(Data excerpts)
* * * * *
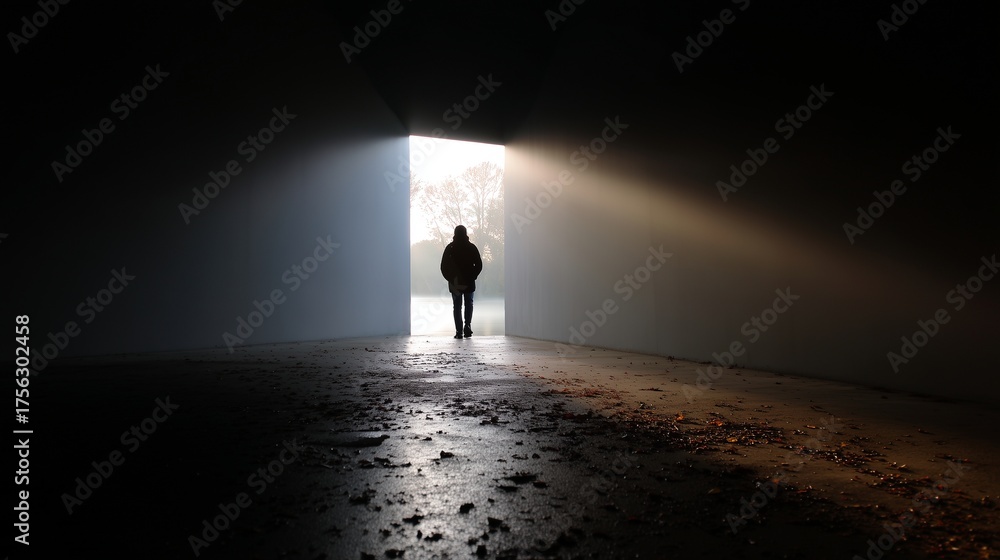 Photos A silhouette walking from dark to light, symbolizing healing, hope, and recovery from depression and emotional struggle
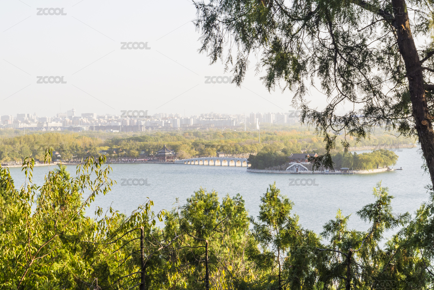 秋天的北京颐和园公园的树林远眺昆明湖的十七孔桥
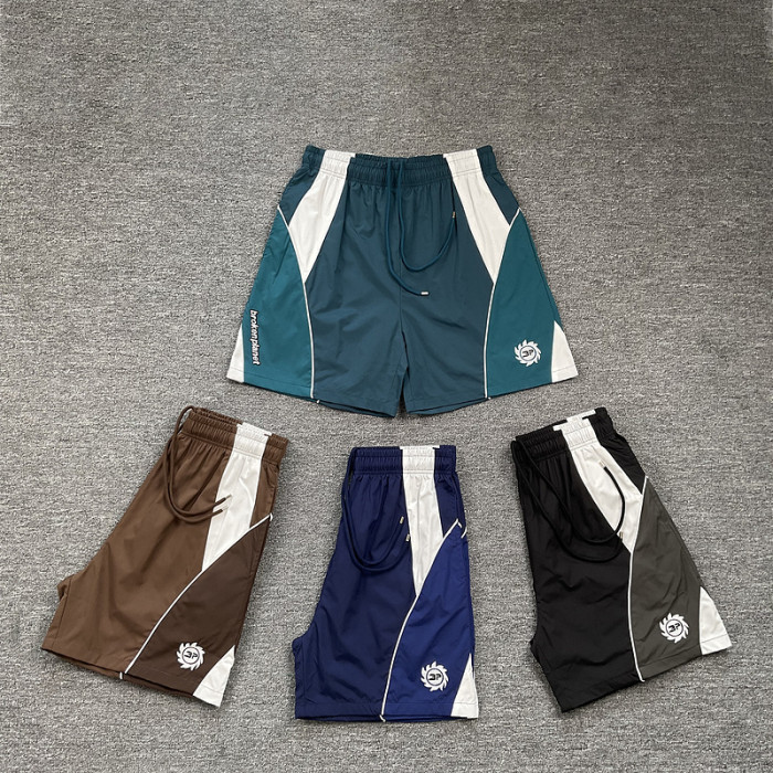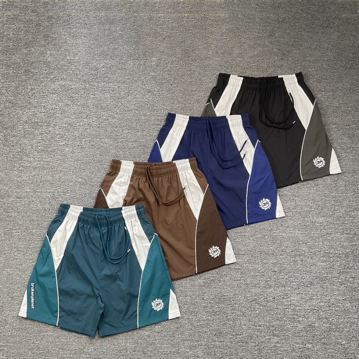 broken planet美潮高街復古運動休閒夏季撞色拼接梭織速乾短褲男
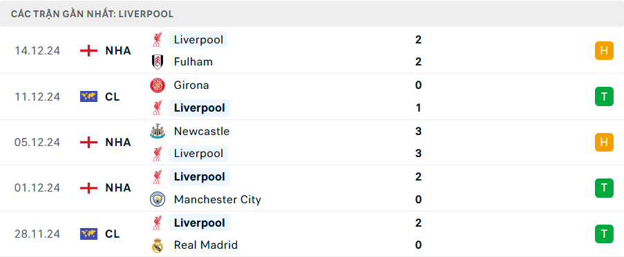 Phong độ Liverpool 5 trận gần nhất
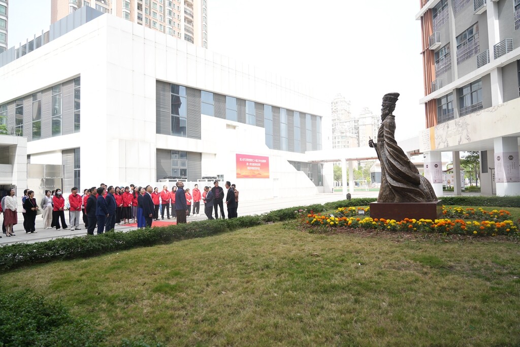 講座開始前,市東坡學校東坡居士塑像揭幕,為校園增添新的文化地標。該雕塑由惠州市泥塑協(xié)會會長王云鵬創(chuàng)作,將東坡風骨化作藝術表達。
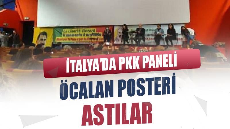 Modernissimo Sinema Salonu’nda gerçekleştirilen panele terörist elebaşı Abdullah Öcalan’ın posteri asıldı.
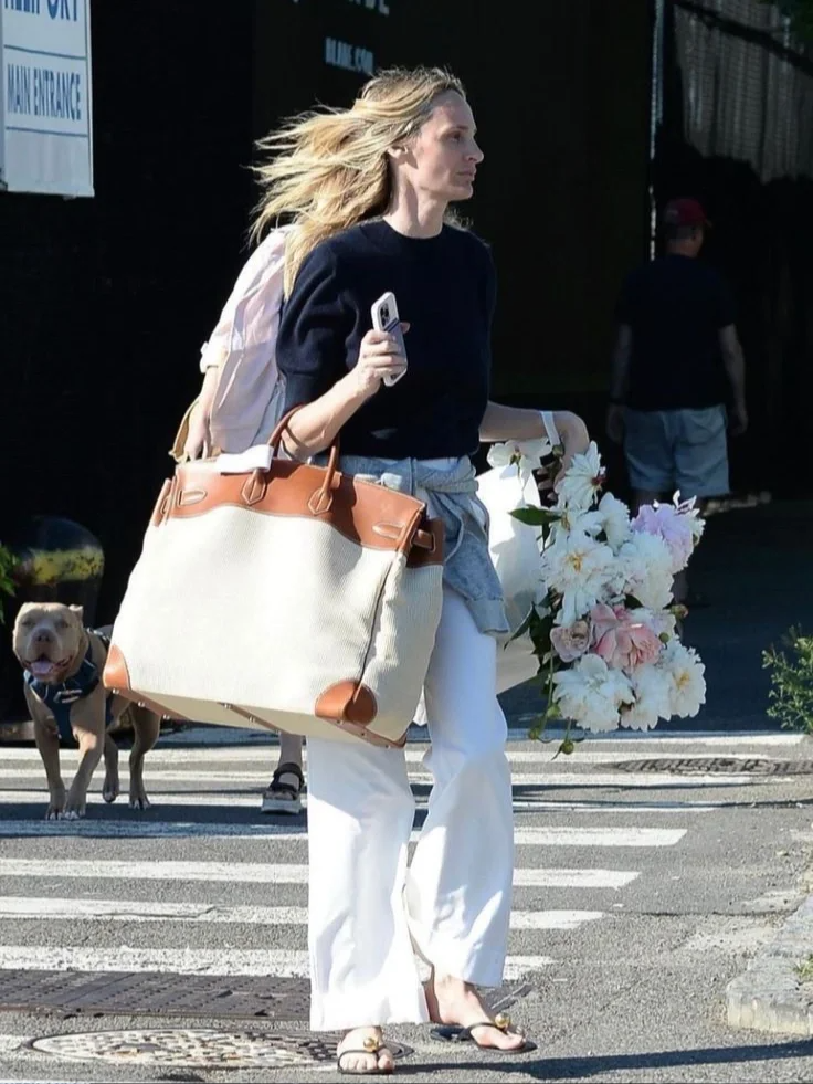 从毛衣到下装和谐统一,营造出高级而克制的整体感时,拎一个红色包包撞色,红因蓝的沉静而更显炽烈夺目,蓝因红的跳跃而更显深邃悠远。
* * * * *
Exercise directions:
Pictures are to be omitted. The lines from the line holding "broken planet美潮高街復古運動休閒夏季撞色拼接梭織速乾短褲男" through the closing line of the data above are to be set down exactly, and nothing more.

The completed task:
 broken planet美潮高街復古運動休閒夏季撞色拼接梭織速乾短褲男
 Phong độ Liverpool 5 trận gần nhất
 講座開始前,市東坡學校東坡居士塑像揭幕,為校園增添新的文化地標。該雕塑由惠州市泥塑協(xié)會會長王云鵬創(chuàng)作,將東坡風骨化作藝術表達。
 Modernissimo Sinema Salonu’nda gerçekleştirilen panele terörist elebaşı Abdullah Öcalan’ın posteri asıldı.
 从毛衣到下装和谐统一,营造出高级而克制的整体感时,拎一个红色包包撞色,红因蓝的沉静而更显炽烈夺目,蓝因红的跳跃而更显深邃悠远。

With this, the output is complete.